Now... I have similar functions for boards and enclosures. A board is... say an Arduino UNO or Raspberry Pi, etc while the enclosure defines how to enclose the board. The enclosure has things like height of walls, padding for all dimensions, wall height, lid height and ... well basically everything to do with the enclosure including cutouts and holes for cables etc.

Like state above, any changes have a huge ripple effect. In the enclosure I have a variable for the standoff bolt "m3-cheese" as I refer to them by name and then use a function to get the correct index for the name.

Not the most elegant way but it means order of arrays is not important and adding a variable just means adding another access function. Probably better ways to get the index for a name but I only started openscad a few days ago. :-)

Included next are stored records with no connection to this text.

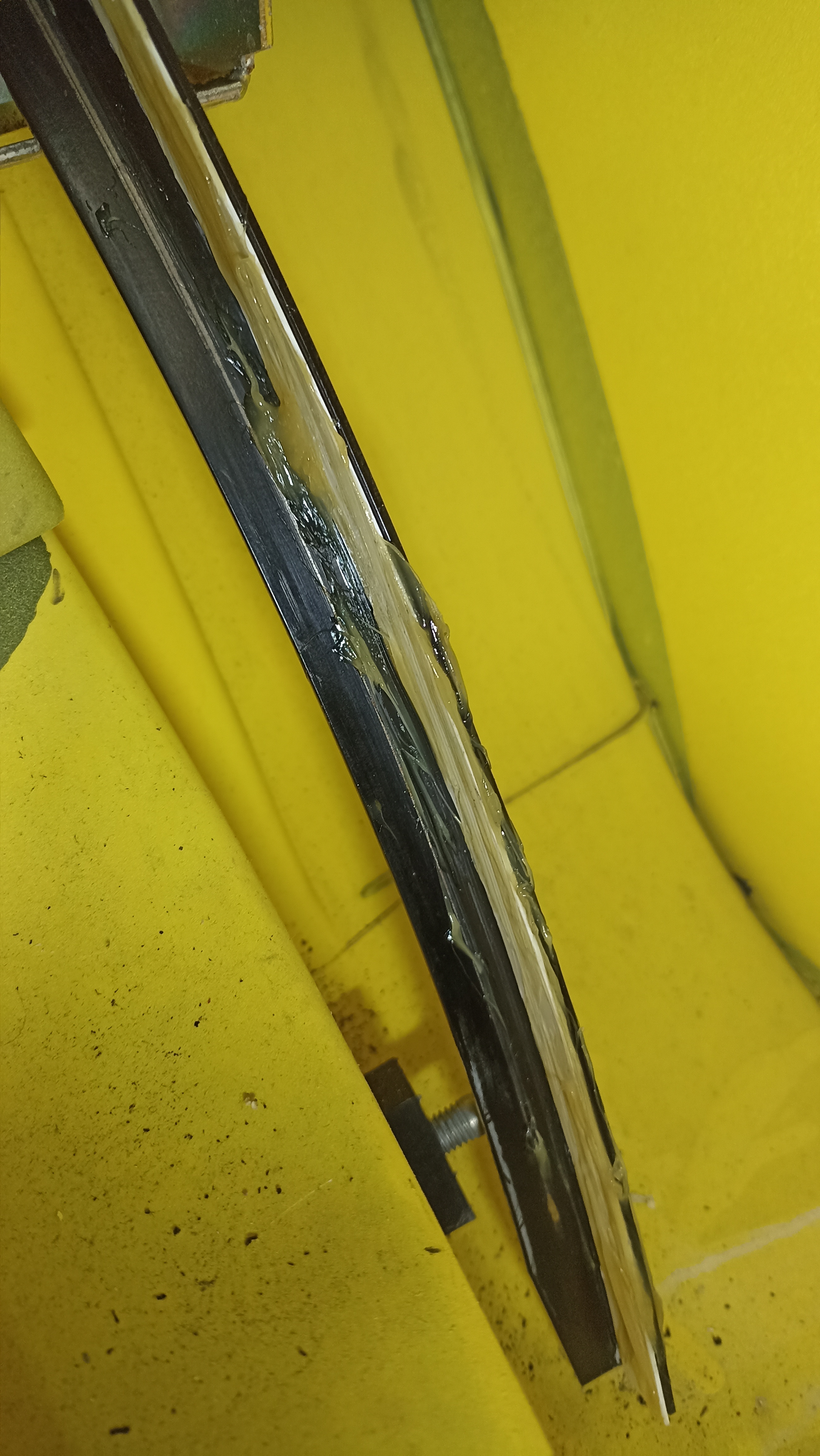 Sur le forum anglais, certains expliquaient avoir simplement poussé le morceau de goulotte graissé par dessus, sans rien démonter ni coller : la goulotte tient en place contre le rail avec les patins.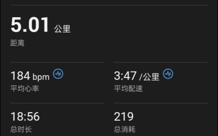 2公里9分29秒平均心率151平均配速4分44热身+5公里18分55秒平均心率184平均配速3分47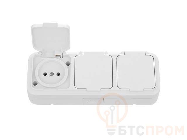 Розетка 3-ая (открытая, б/з, брызг. защ.) белая, Пралеска Аква, Bylectrica (IP54 пылебрызгозащищенные) РА16-0131
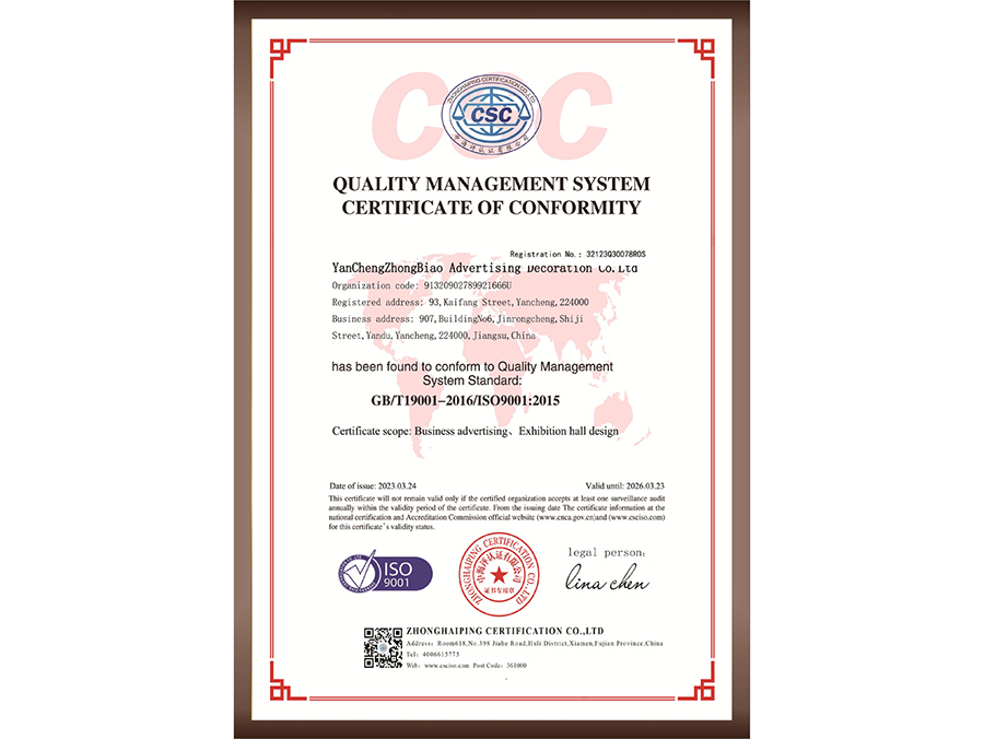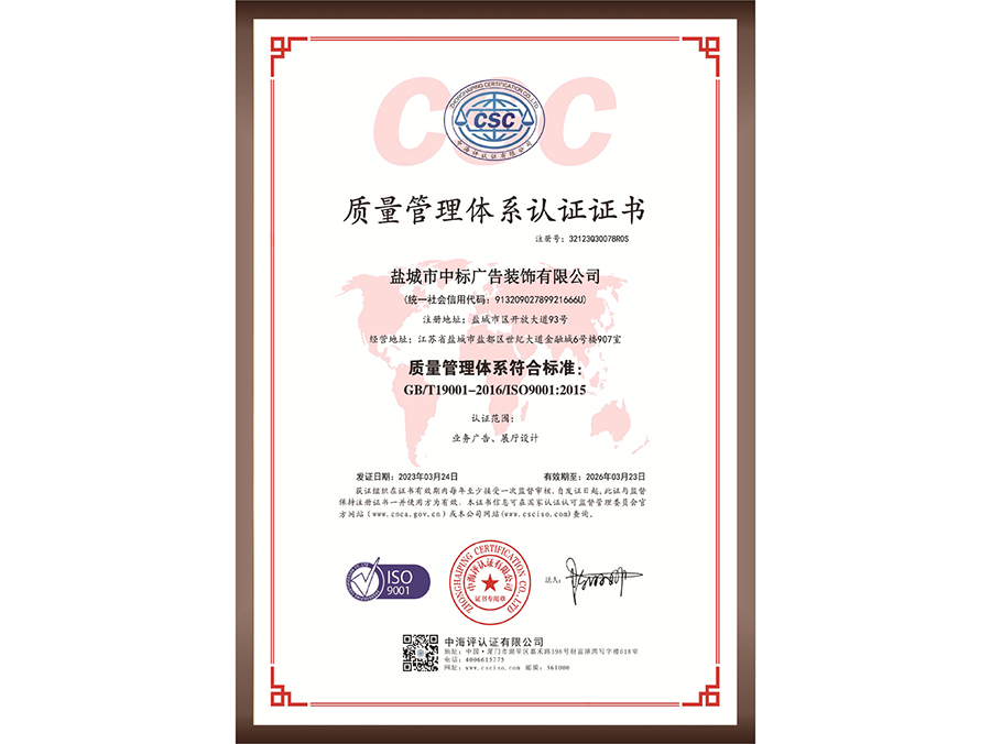 質(zhì)量管理體系認證證書

When rendering anything I have 3 options. (DF_MINUS, DF_PLUS and DF_BOTH) These make it possible to do union() difference() etc on the correct bits. When rendered with DF_BOTH it will basically render a complete preview of the part whereas DF_MINUS and DF_PLUS are usually used in Boolean operations.

At the moment it renders a basic case with lid, fasteners, lid clips, standoff supports but I want to allow for laying out multiple boards in a single enclosure. (An example of this would be a 3d printer main board + a Raspberry Pi + a heater power board in the 1 enclosure.) As long as the program knows the position and size of each element it can calculate the largest bounding box in the x,y plane and essentially treat it like a single board.